WithAutonomi · mickvandijke · Jun 22, 2026 · Jun 22, 2026 · Jun 22, 2026 · Jun 22, 2026
diff --git a/src/replication/audit.rs b/src/replication/audit.rs
@@ -19,6 +19,7 @@ use crate::replication::protocol::{
 use crate::replication::types::{
     AuditFailureReason, AuditFailureSummary, FailureEvidence, PeerSyncRecord, RepairProofs,
 };
+use crate::replication::{is_inbound_replication_overloaded_reason, OverloadClaimTracker};
 use crate::storage::LmdbStorage;
 use saorsa_core::identity::PeerId;
 use saorsa_core::P2PNode;
@@ -86,20 +87,55 @@ pub async fn audit_tick(
     .await
 }
 
+/// Execute one repair-proof-gated audit tick with a fresh overload-claim
+/// tracker.
+///
+/// This preserves the public helper signature that existed before inbound
+/// overload accounting was added. The replication engine uses the crate-private
+/// tracker-aware helper so overload claim budgets persist across audit ticks.
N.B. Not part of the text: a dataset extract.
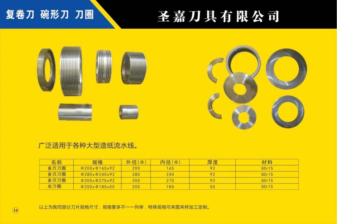 本公司所生產(chǎn)的各種型號規(guī)格分切、分條、分紙、復(fù)卷機(jī)圓刀片(蝶形上刀片、上刀架、下刀片、隔片、隔套、底棍、復(fù)卷刀、碗形刀、刀圈、大回旋圓切刀、砂輪、壓花輪、折疊刀、齒刀、異形刀)橫切刀、裁切刀、熱切刀、粉碎刀、切粒刀、撕碎刀、折頁刀、開槽刀、油墨刮刀、切臺圓刀、三孔刀、切管刀、氣壓刀組、剪切刀組、熱切刀組廣泛適用于造紙、紙制品加工、膠粘帶制品、薄膜、電線電纜、橡膠、輪胎、鋁箔、化纖、非織造布、復(fù)合包裝、卷煙、皮革、印刷、服飾輔料等行業(yè)。
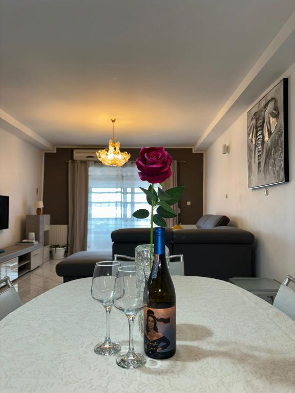 W pełni wyposażony apartament z widokiem na morze. Na samej plaży, która znajduje się po drugiej stronie ulicy, znajduje się park dla dzieci, a główna plaża miejska, Rezalište, oddalona jest od apartamentu o 1 km. Sklep spożywczy 500 m, w promieniu 5 km wszystko łącznie z centrum handlowym. Goście ze zwierzętami (psy do 7 kg) są akceptowani. Do Państwa dyspozycji jest parking na podwórzu domu na jeden samochód (wliczony w cenę) i miejsce do cumowania łodzi.

+#[allow(clippy::implicit_hasher, clippy::too_many_lines)]
+pub async fn audit_tick_with_repair_proofs(
+    p2p_node: &Arc<P2PNode>,
+    storage: &Arc<LmdbStorage>,
+    config: &ReplicationConfig,
+    sync_history: &HashMap<PeerId, PeerSyncRecord>,
+    repair_proofs: &Arc<RwLock<RepairProofs>>,
+    current_sync_epoch: u64,
+    is_bootstrapping: bool,
+) -> AuditTickResult {
+    let overload_tracker = Arc::new(OverloadClaimTracker::new());
+    audit_tick_with_repair_proofs_and_overload_tracker(
+        p2p_node,
+        storage,
+        config,
+        sync_history,
+        repair_proofs,
+        current_sync_epoch,
+        &overload_tracker,
+        is_bootstrapping,
+    )
+    .await
+}
+
 /// Execute one repair-proof-gated audit tick.
 ///
 /// This is the production path used by the replication engine. The
 /// compatibility [`audit_tick`] wrapper passes an empty proof table, so direct
 /// callers that have not adopted repair proofs remain conservative and do not
 /// audit peers for unproven keys.
-#[allow(clippy::implicit_hasher, clippy::too_many_lines)]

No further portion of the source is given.